### Data ###
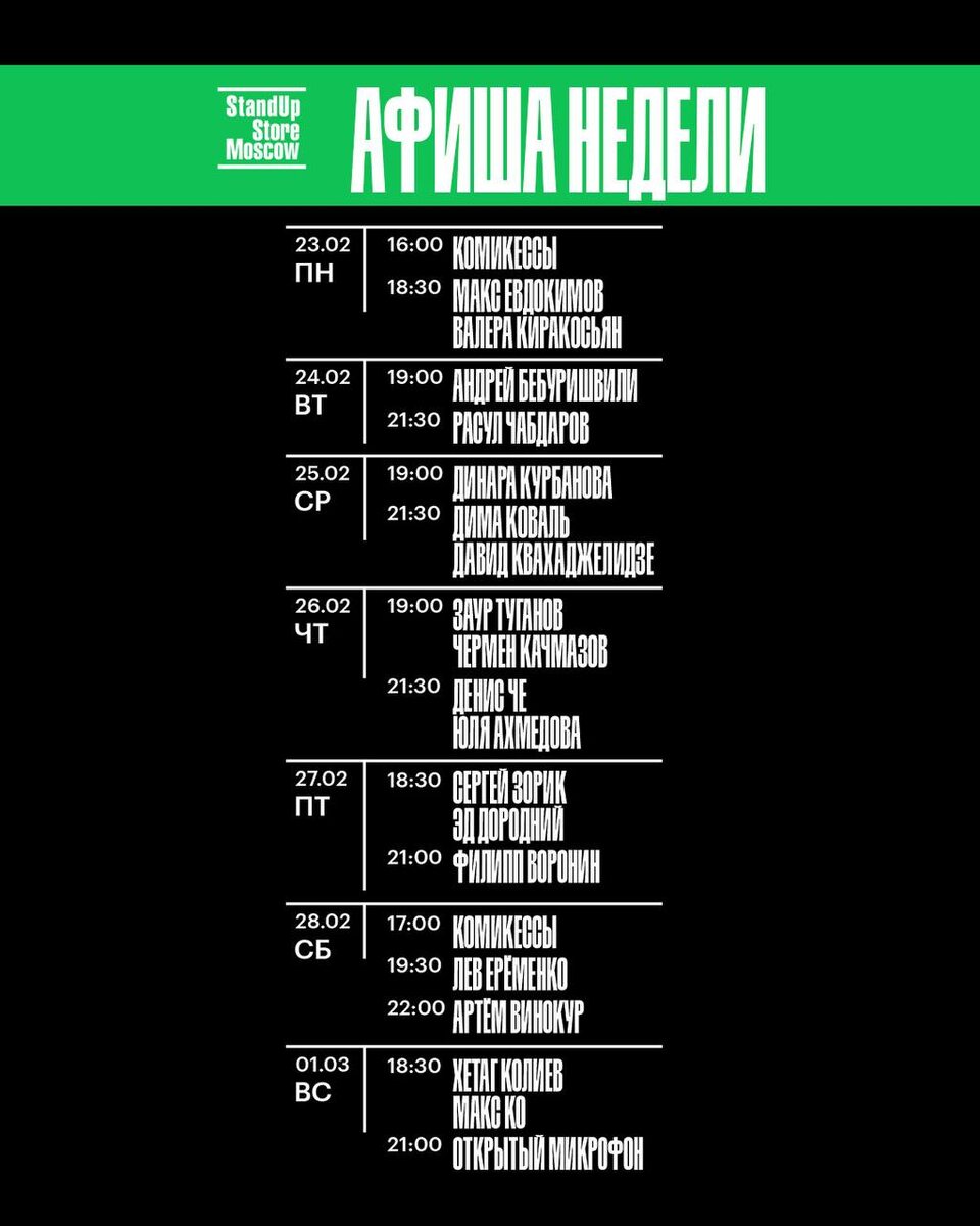 В понедельник, 23 февраля В 16:00 комикессы В 18:30 совместный концерт Макса Евдокимова и Валеры Киракосьяна В 21:00 открытый микрофон Во вторник, 24 февраля В 19:00 сольный концерт Андрея Бебуришвили В 21:30 сольный концерт Расула Чабдарова В среду, 25 февраля В 19:00 сольный концерт Динары Курбановой В 21:30 совместное выступление Димы Коваль и Давида Квахаджелидзе В четверг, 26 февраля В 19:00 совместный концерт Заура Туганова и Чермена Качмазова В 21:30 совместное выступление Дениса Че и Юлии Ахмедовой В пятницу, 27 февраля В 18:30 совместный концерт Сергея Зорика и Эда Дородниего В 21:00 сольный концерт Филиппа Воронина В субботу, 28 февраля В 17:00 комикессы В 19:30 сольный концерт Льва Еременко В 22:00 сольный концерт Артема Винокура В воскресенье, 1 марта В 18:30 совместное выступление Хетага Колиева и Макса Ко В 21:00 открытый микрофон 📍 Наш адрес: ул.Перровка, д.21с1, StandUp Store Moscow
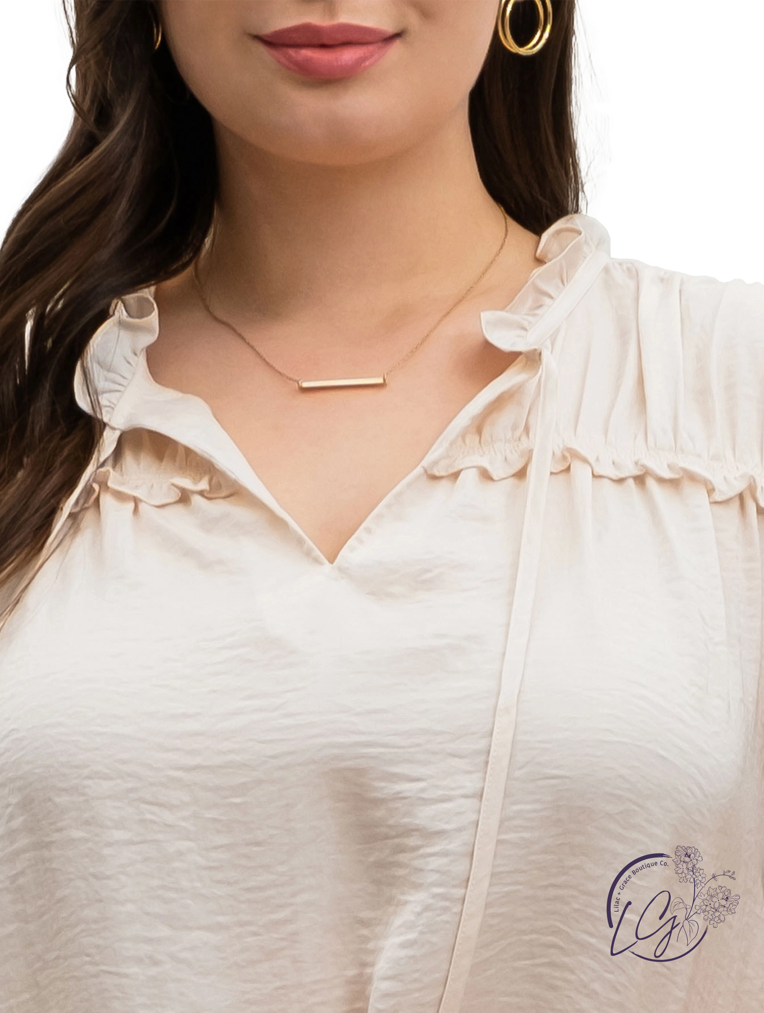 The Curvy Classique Tie-Front Collared Blouse is a stylish and feminine garment designed for curvy figures. It features a classic collared neckline adorned with delicate ruffles, adding a touch of charm and elegance. The front tie detail creates a flattering silhouette by cinching the waist and accentuating curves. The top is crafted from soft and breathable fabric, ensuring comfort throughout the day. With its versatile design, it can be dressed up or down for a variety of occasions, from casual outings to more formal events.
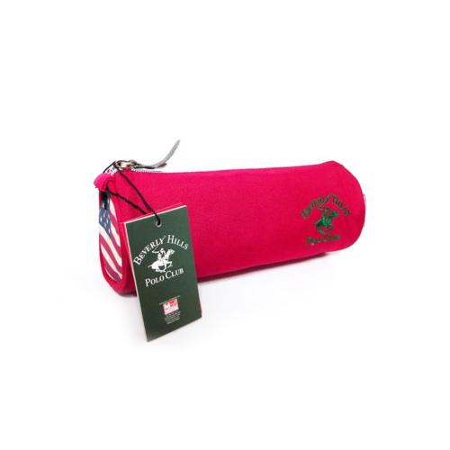 Astuccio Tombolino Polo Club Rosso con Bandiera USA - Portapenne cilindrico compatto con chiusura a zip e design sportivo americano per scuola e tempo libero
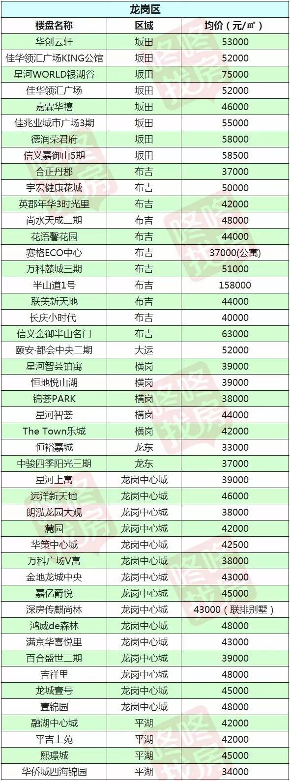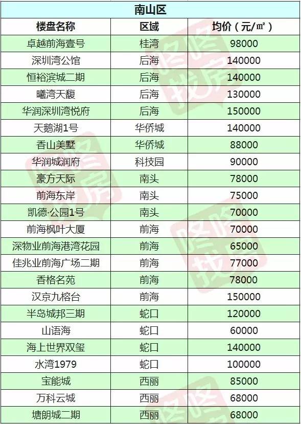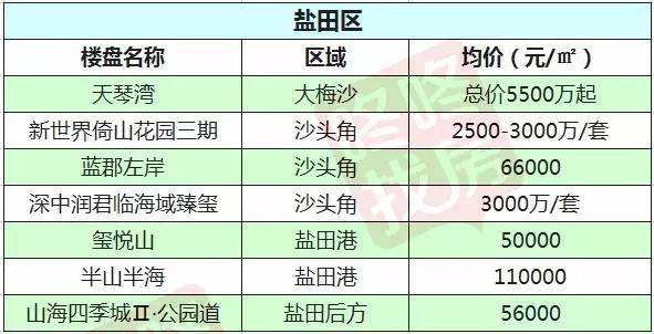 2月最新深圳10区在售新盘价格表出炉
###
[Exercise] All that is wanted is the run of lines from the start of the material through the line that holds "The Curvy Classique", retyped exactly, with no pictures.

[Answer]
 В понедельник, 23 февраля В 16:00 комикессы В 18:30 совместный концерт Макса Евдокимова и Валеры Киракосьяна В 21:00 открытый микрофон Во вторник, 24 февраля В 19:00 сольный концерт Андрея Бебуришвили В 21:30 сольный концерт Расула Чабдарова В среду, 25 февраля В 19:00 сольный концерт Динары Курбановой В 21:30 совместное выступление Димы Коваль и Давида Квахаджелидзе В четверг, 26 февраля В 19:00 совместный концерт Заура Туганова и Чермена Качмазова В 21:30 совместное выступление Дениса Че и Юлии Ахмедовой В пятницу, 27 февраля В 18:30 совместный концерт Сергея Зорика и Эда Дородниего В 21:00 сольный концерт Филиппа Воронина В субботу, 28 февраля В 17:00 комикессы В 19:30 сольный концерт Льва Еременко В 22:00 сольный концерт Артема Винокура В воскресенье, 1 марта В 18:30 совместное выступление Хетага Колиева и Макса Ко В 21:00 открытый микрофон 📍 Наш адрес: ул.Перровка, д.21с1, StandUp Store Moscow
 The Curvy Classique Tie-Front Collared Blouse is a stylish and feminine garment designed for curvy figures. It features a classic collared neckline adorned with delicate ruffles, adding a touch of charm and elegance. The front tie detail creates a flattering silhouette by cinching the waist and accentuating curves. The top is crafted from soft and breathable fabric, ensuring comfort throughout the day. With its versatile design, it can be dressed up or down for a variety of occasions, from casual outings to more formal events.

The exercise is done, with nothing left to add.